“They looked down on me, thinking I was some jerk to believe in the Lord Christ.” This is the first line of an essay I read yesterday written by a seventh grader in M___. The question this year on the big state test asks the kids to think of a time they were proud and then write about it. The young man quoted above was proud that he did not fight the kids who taunted him, but rather quoted at length from the Bible, which he considered a greater victory, though I think it’s safe to say that the other kids probably considered him even more of a jerk afterward.
So what are seventh graders proud of? You probably won’t be surprised to learn that many of them talk about winning some kind of baseball or basketball or soccer game, which almost always includes a detailed play-by-play of the action that my coworker Jenni likened to the Phil Rizzuto section of “Paradise by the Dashboard Light.” There are also dance and gymnastics competitions and trying out for cheerleading. (Everyone at my table hates the cheerleaders.) There are unnecessary descriptions of simply everything: “I walked up to my friend, whose eyes were like pools of blue-green water.” But then sometimes you get that Bible-quoting kid or the boy who was proud of holding his breath for two minutes and thirty seconds, and who pointed out that the worst thing that could happen would be that he’d black out. His goal is to reach three minutes. Perhaps the best thing about these papers is how the kids throw in random vocabulary words that are almost always used awkwardly. These are the sentences we quote to each other all day long: “The time I was supercilious was a benevolent day.”

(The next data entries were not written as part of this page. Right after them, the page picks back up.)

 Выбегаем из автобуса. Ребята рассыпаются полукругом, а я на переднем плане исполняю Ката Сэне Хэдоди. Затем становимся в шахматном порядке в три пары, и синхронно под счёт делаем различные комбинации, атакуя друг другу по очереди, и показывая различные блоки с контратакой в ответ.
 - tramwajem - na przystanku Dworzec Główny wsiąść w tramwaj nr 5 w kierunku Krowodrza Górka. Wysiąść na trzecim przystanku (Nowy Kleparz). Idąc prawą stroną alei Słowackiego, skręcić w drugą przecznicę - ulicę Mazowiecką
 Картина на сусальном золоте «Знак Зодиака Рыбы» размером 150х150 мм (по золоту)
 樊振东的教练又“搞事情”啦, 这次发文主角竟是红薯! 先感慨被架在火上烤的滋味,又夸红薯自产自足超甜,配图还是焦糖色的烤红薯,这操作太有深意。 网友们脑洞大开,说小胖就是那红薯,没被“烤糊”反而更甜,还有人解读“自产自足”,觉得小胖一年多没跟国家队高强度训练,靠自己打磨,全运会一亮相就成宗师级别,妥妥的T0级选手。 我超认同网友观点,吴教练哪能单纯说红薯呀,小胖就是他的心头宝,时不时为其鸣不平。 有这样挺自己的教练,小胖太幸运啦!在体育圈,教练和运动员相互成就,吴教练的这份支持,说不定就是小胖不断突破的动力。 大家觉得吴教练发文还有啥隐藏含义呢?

And this got me thinking about actually learning the word “inevitable” in the seventh grade. One day I didn’t know this word and the next day I did and suddenly I couldn’t imagine how I’d never known it before. We had this great English teacher, who may have been all of 24 at the time, who gave us extra credit anytime we saw one of our vocabulary words in real life. We just had to write down the sentence it was in and show it to her. And at the beginning of every class there were always kids rushing up to her with scraps of paper scribbled with sentences containing words like “balderdash” and “harried.” And most of us did exceptionally well on the vocabulary tests that year too. It was, you know, inevitable.

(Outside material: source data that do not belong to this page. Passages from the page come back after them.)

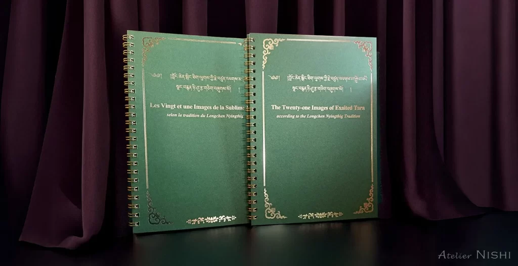 ターラー仏母への礼讃文を収めた経典『二十一尊ターラー礼讃』に登場する、ターラー尊の21の異なる姿をカラー図像として収め、それぞれに礼讃の偈を添えた小冊子です。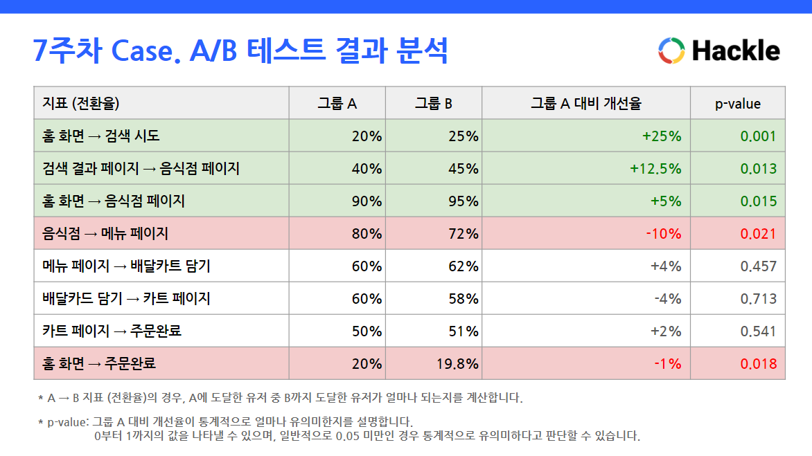 - 의사결정 시 고려해야 하는 것에 대해 간접 경험: 성공/실패 지표 기준에 부합하는가, 유의미한 결과의 기준은 무엇인가(p-value).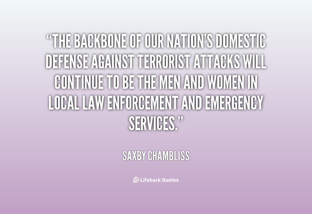 The backbone of our nation's domestic defense against terrorist attacks will continue to be the men and women in local law enforcement and emergency services.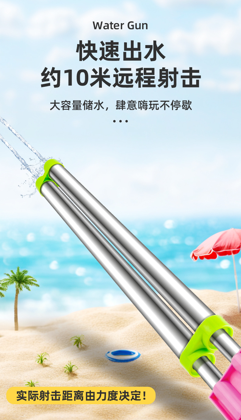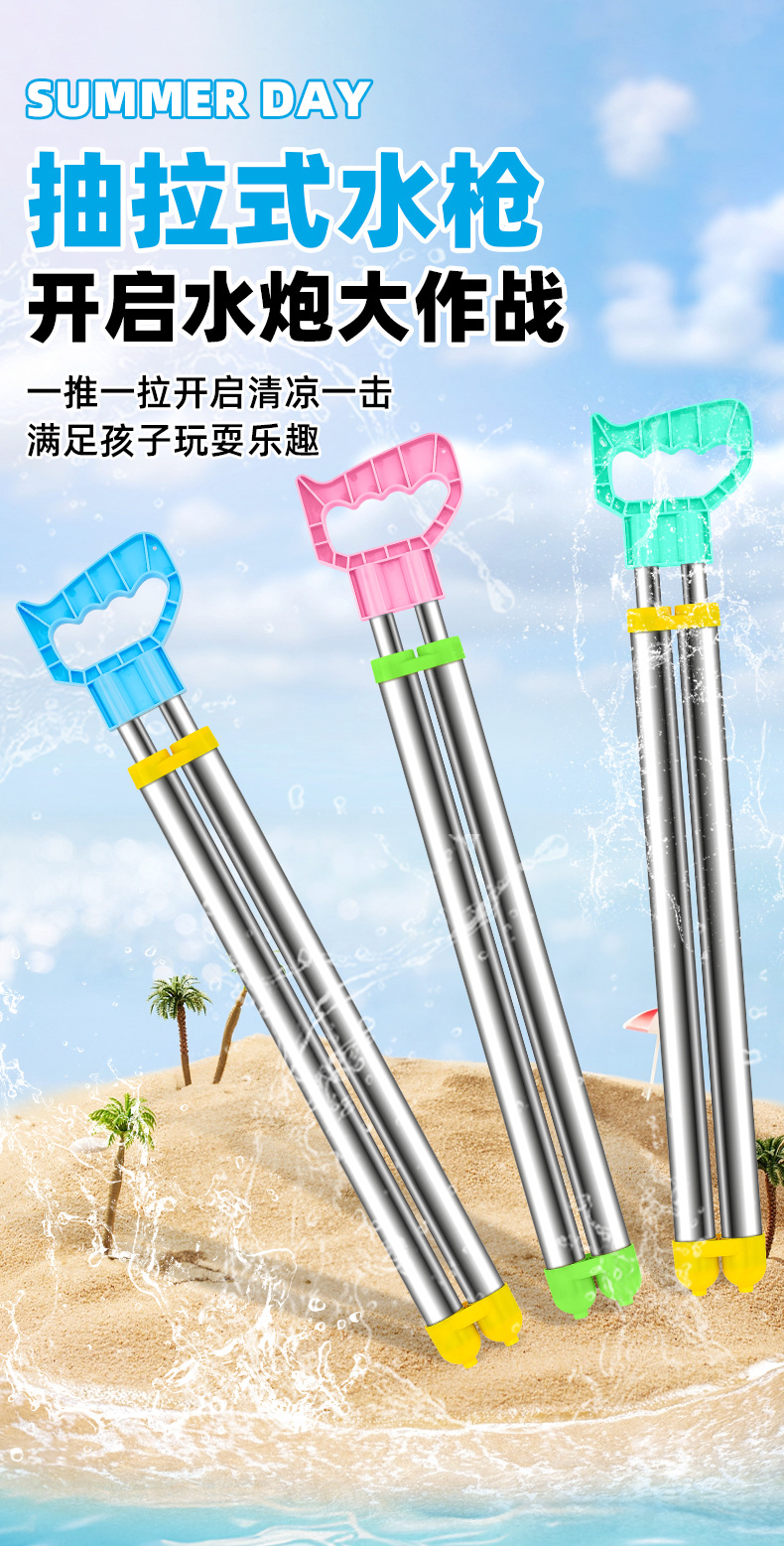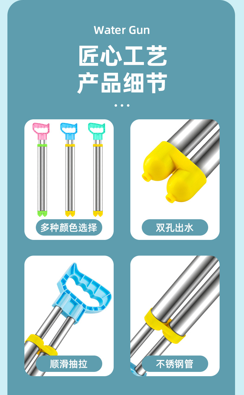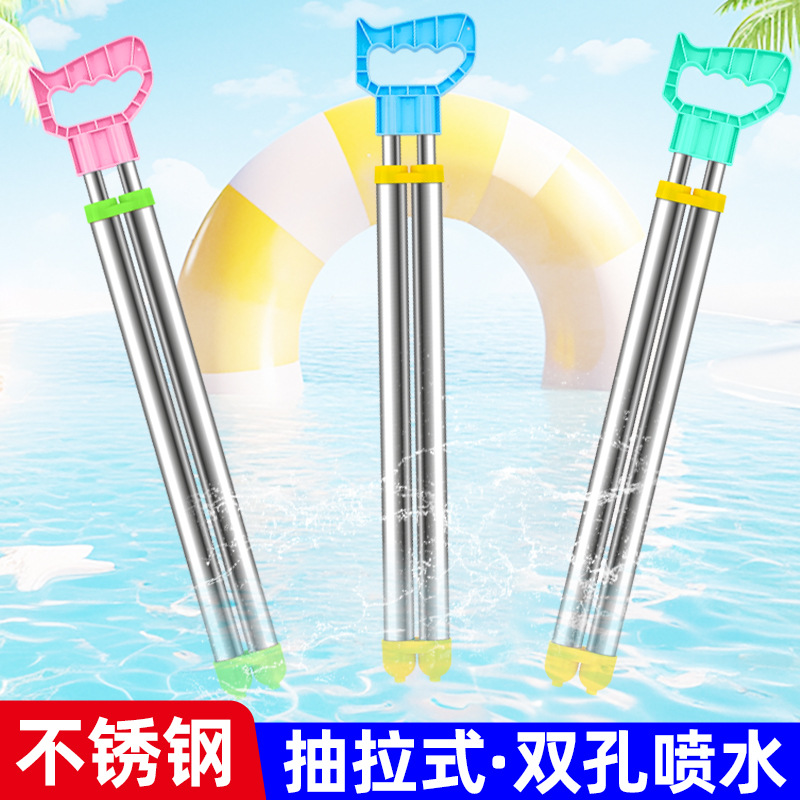 두꺼운 스테인레스 스틸 이중 튜브 풀아웃 물대포 물총 어린이 남성 물 뿌리기 축제 여름 래프팅 성인 장난감스토어 가기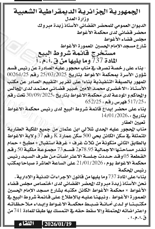 Il sera procédé à la vente au plus offrant et dernier enchérisseur le : 21/01/2026';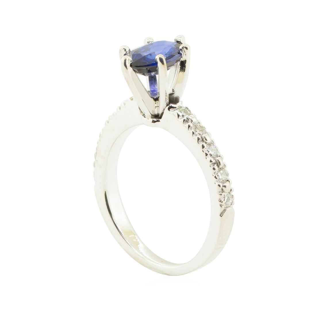 One ring featuring: 14KT white gold weighing 3.4 grams containing one blue sapphire weighing 1.23ct and diamonds weighing 0.50ctw.
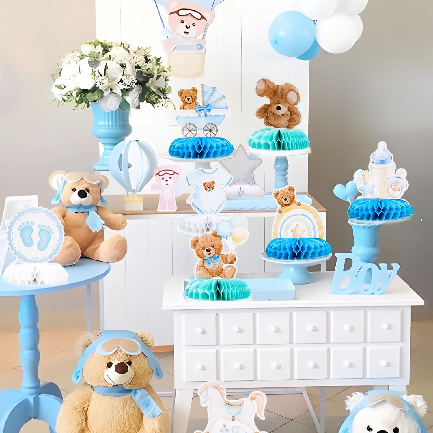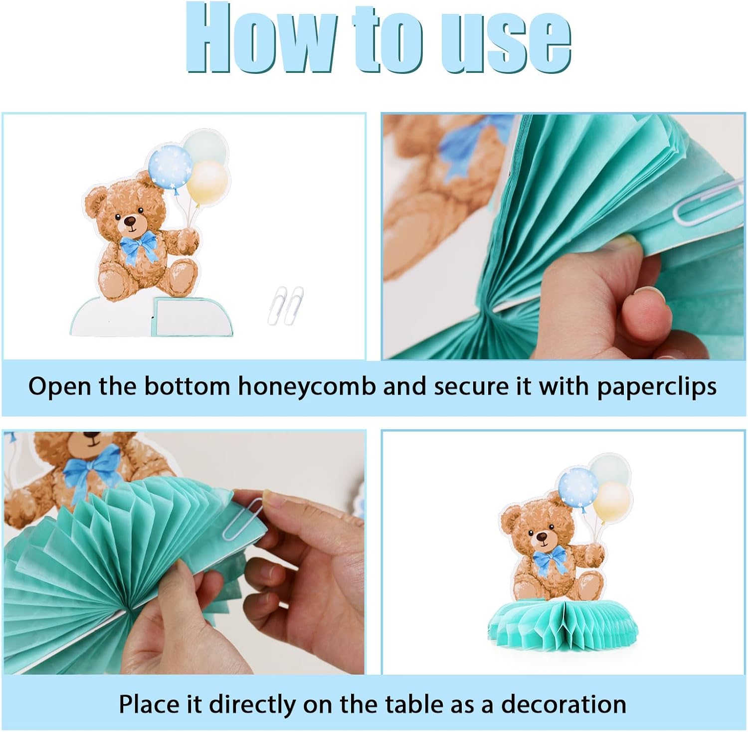 🐻【CONFEZIONE】: 9pz centrotavola battesimo bimbo con base a nido d’ape, a tema orsetto adorabile. 🍼【MATERIALE】: Decorazione battesimo bimbo realizzata in carta, leggero e facile da posizionare sul tavolo, con un bel effetto 3D. 🌈【FACILE DA MOMTARE】:Basta aprire la carta a nido d'ape, poi fermare i due lati usando la graffetta inclusa per formare una decorazione battesimo nascita tridimensionale per il tavolo. 💙【DESIGN RAFFINATO】: Centrotavola con una bellissima raccolta di elementi classici dell’orsetto per festa dei bimbi, nel colore blu vivace a tema, ideale per addobbare il tavolo, aggiungendo un’atmosfera calda. 👣【SCENE APPLICABILI】: Decorazione perfetta e addobbi classici per tavolo nel occasione battesimo bimbo, nascita, compleanno, decorazioni baby shower del bambino, gender reveal party decorations.

But back to today’s seventh graders, who sometimes write about Justin Bieber and sometimes about learning to do ollies on their skateboards and sometimes just want to make things perfectly clear: “My jaw dropped all the way to my blue crocs that were in style then.”

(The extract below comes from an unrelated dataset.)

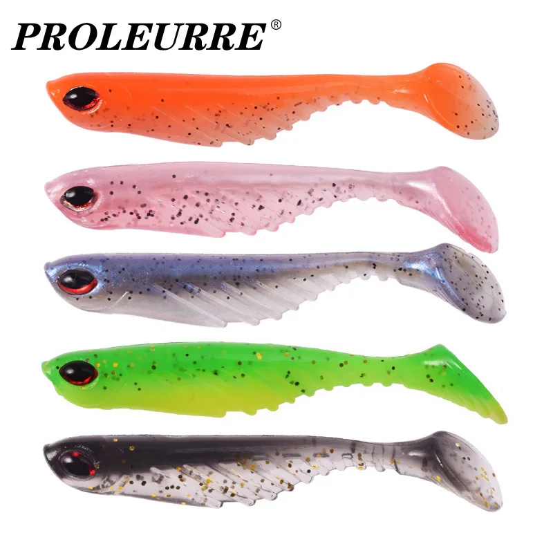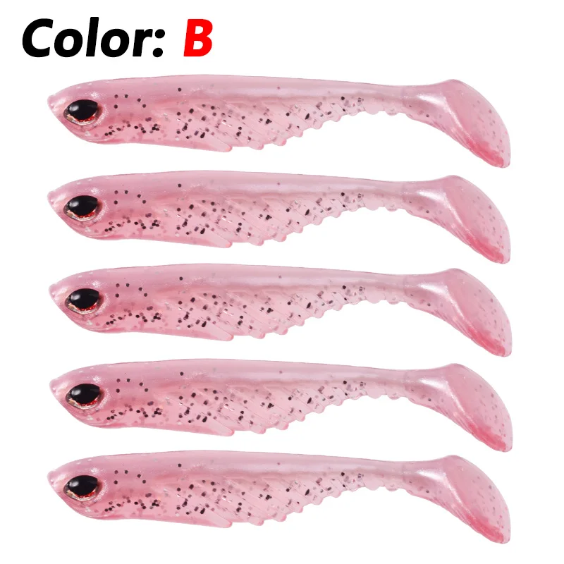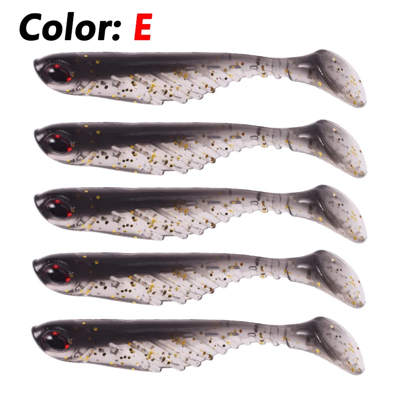 Señuelos de pesca de silicona con cola en T de ojos 3D de 5 piezas, 7cm, 2,8G, cebo suave de gusano, plantilla Wobblers, Swimbaits artificiales, aparejos de pesca de trucha y lubina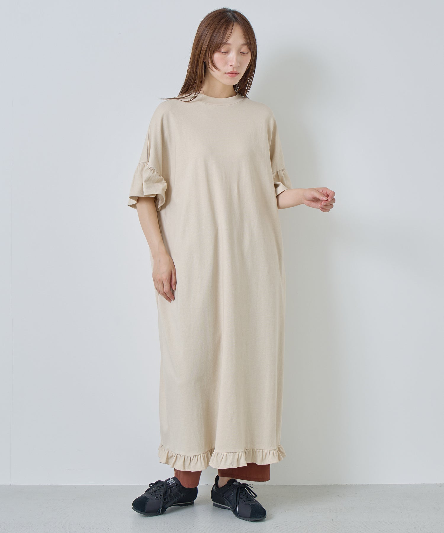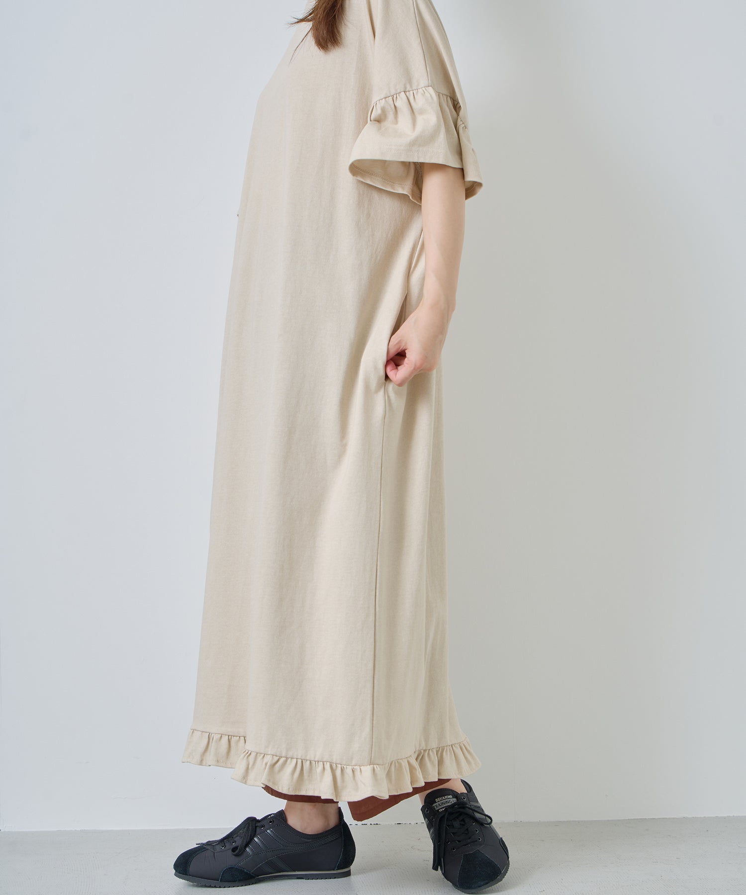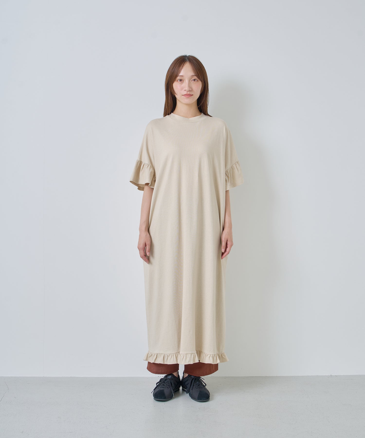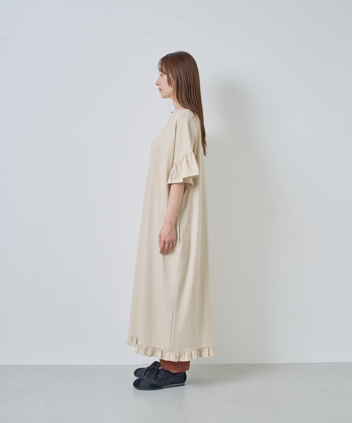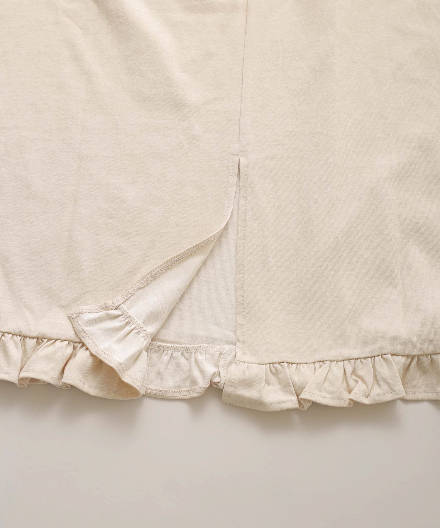 袖口と裾にフリルを施し、シンプルな形にほどよい可愛らしさをプラス。動くたびに揺れるデザインが軽やかな印象を与えます。

Of course, I'm sure it's no surprise that reading these all day can be tedious and that sometimes we skim them (especially the sports ones, oh man, the sports ones), but that sometimes there is that seventh grader that shines as brightly as the daisy yellow sun in the cornflower blue sky. Wait, someone will say. Listen to this! And we'll all marvel at the fact that some kid out there will go on to do great things, even though most of these essays leave us generally discouraged about the youth of America.
But here, the last line of a baseball essay about the last game of the season, in which a girl pitched a winning game against a team that included a mean girl named Angelica, who had been taunting her all season: “I remember the hoots and howls of the crowd when I threw that changeup and the look on Angelica’s face when she swung five seconds too early.” We all know that look. Sorry, Angelica.